(Stored data)
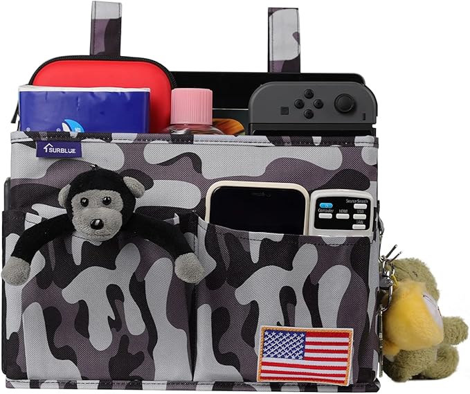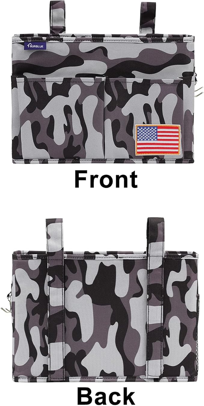 Surblue Bedside Caddy Hanging Bed Organizer Storage Bag Pocket for Bunk and Hospital Beds, College Dorm Rooms Baby Bed Rails, Wheelchair Side Bag, Camp Chiars, 4 Pockets and 2 Hooks (Small City)
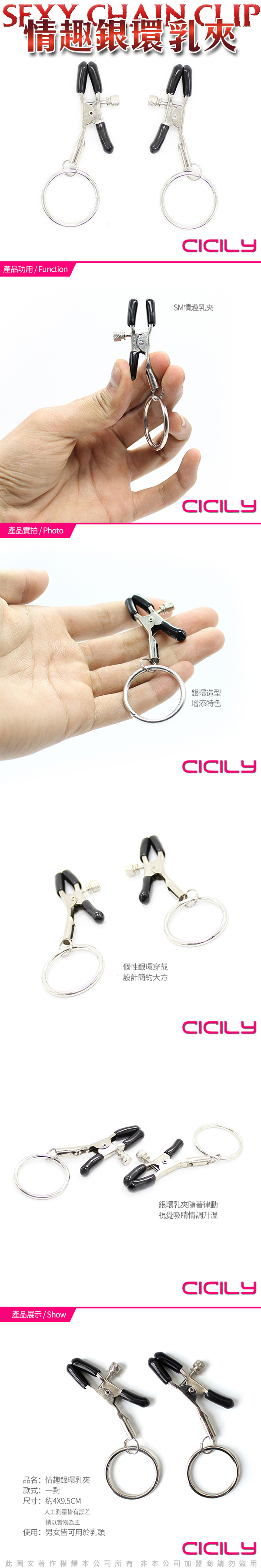 .主商品:CICILY 情趣銀環 乳夾
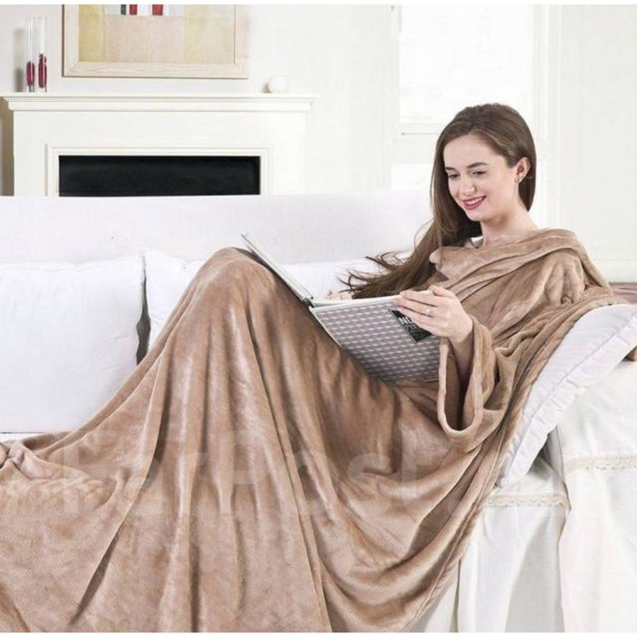 Плед с рукавами, цвет бежевый, 150х200 см, рукав — 27х52 см, аэрософт
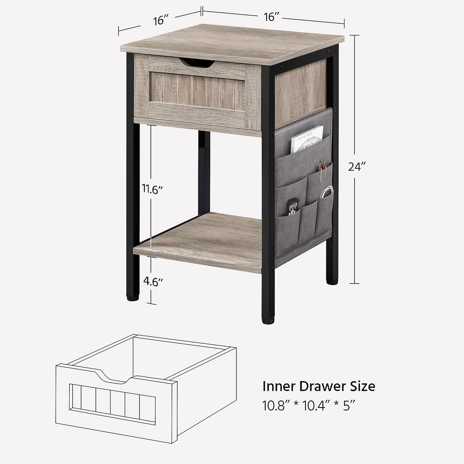 - 【1 Drawer, 1 Shelf, 1 Bag】This industrial bedside table comprises a drawer, a lower open shelf and an extra fabric bag. You can store your frequently-used gadgets in the drawer and other bigger things on the lower shelf. A 6-pocket hanging bag keeps remote controls, pens, magazines, and other items organized, and it can be attached on either the right or left side for your convenience.
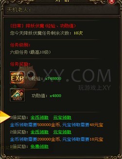 而降妖除魔每天总共有12次,每次都可以用金币来刷新任务的等级,等级越是高,获得的经验和功勋值也就越多,完成任务的时候当然也能用金币或者元宝来提交完成任务,这样就可以获得更多的经验。
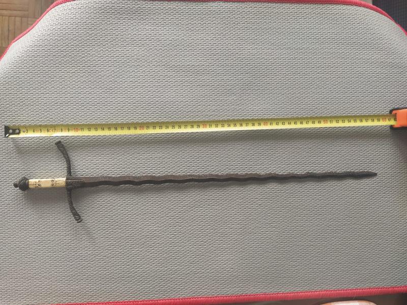 Pomo con perilla y cruz de gavilanes en forma de "S". Longitud total aprox. 58,5 cm
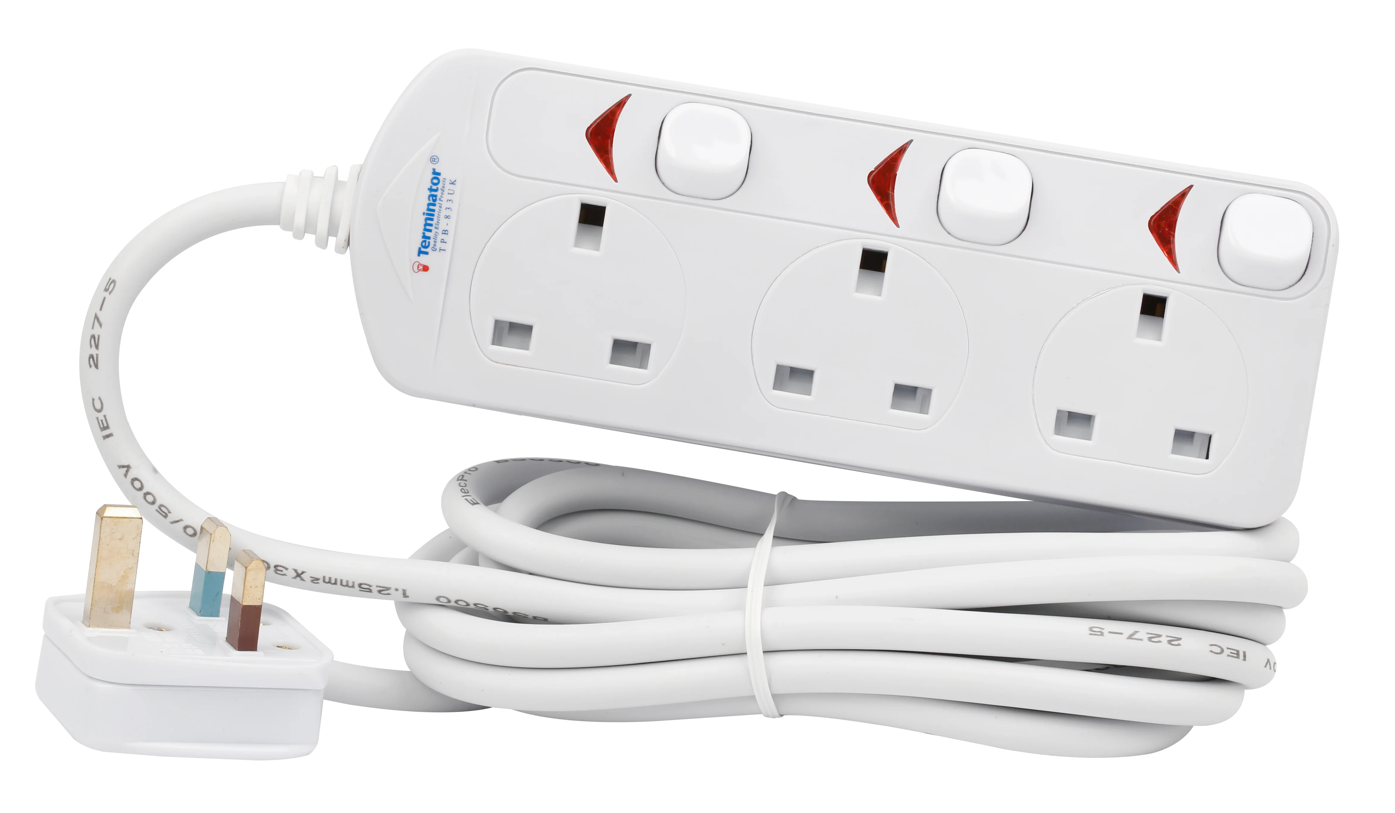 TERMINATOR 3 Way UK Power Extension Socket With Individual Switches 5M 1.25mm2 Cable 13A Plug

WHAT THE TASK REQUIRES:
You need to restate all of the entries above exactly and leave the pictures behind.

RESULT OF THE EXERCISE:
 Surblue Bedside Caddy Hanging Bed Organizer Storage Bag Pocket for Bunk and Hospital Beds, College Dorm Rooms Baby Bed Rails, Wheelchair Side Bag, Camp Chiars, 4 Pockets and 2 Hooks (Small City)
 .主商品:CICILY 情趣銀環 乳夾
 Плед с рукавами, цвет бежевый, 150х200 см, рукав — 27х52 см, аэрософт
 - 【1 Drawer, 1 Shelf, 1 Bag】This industrial bedside table comprises a drawer, a lower open shelf and an extra fabric bag. You can store your frequently-used gadgets in the drawer and other bigger things on the lower shelf. A 6-pocket hanging bag keeps remote controls, pens, magazines, and other items organized, and it can be attached on either the right or left side for your convenience.
 而降妖除魔每天总共有12次,每次都可以用金币来刷新任务的等级,等级越是高,获得的经验和功勋值也就越多,完成任务的时候当然也能用金币或者元宝来提交完成任务,这样就可以获得更多的经验。
 Pomo con perilla y cruz de gavilanes en forma de "S". Longitud total aprox. 58,5 cm
 TERMINATOR 3 Way UK Power Extension Socket With Individual Switches 5M 1.25mm2 Cable 13A Plug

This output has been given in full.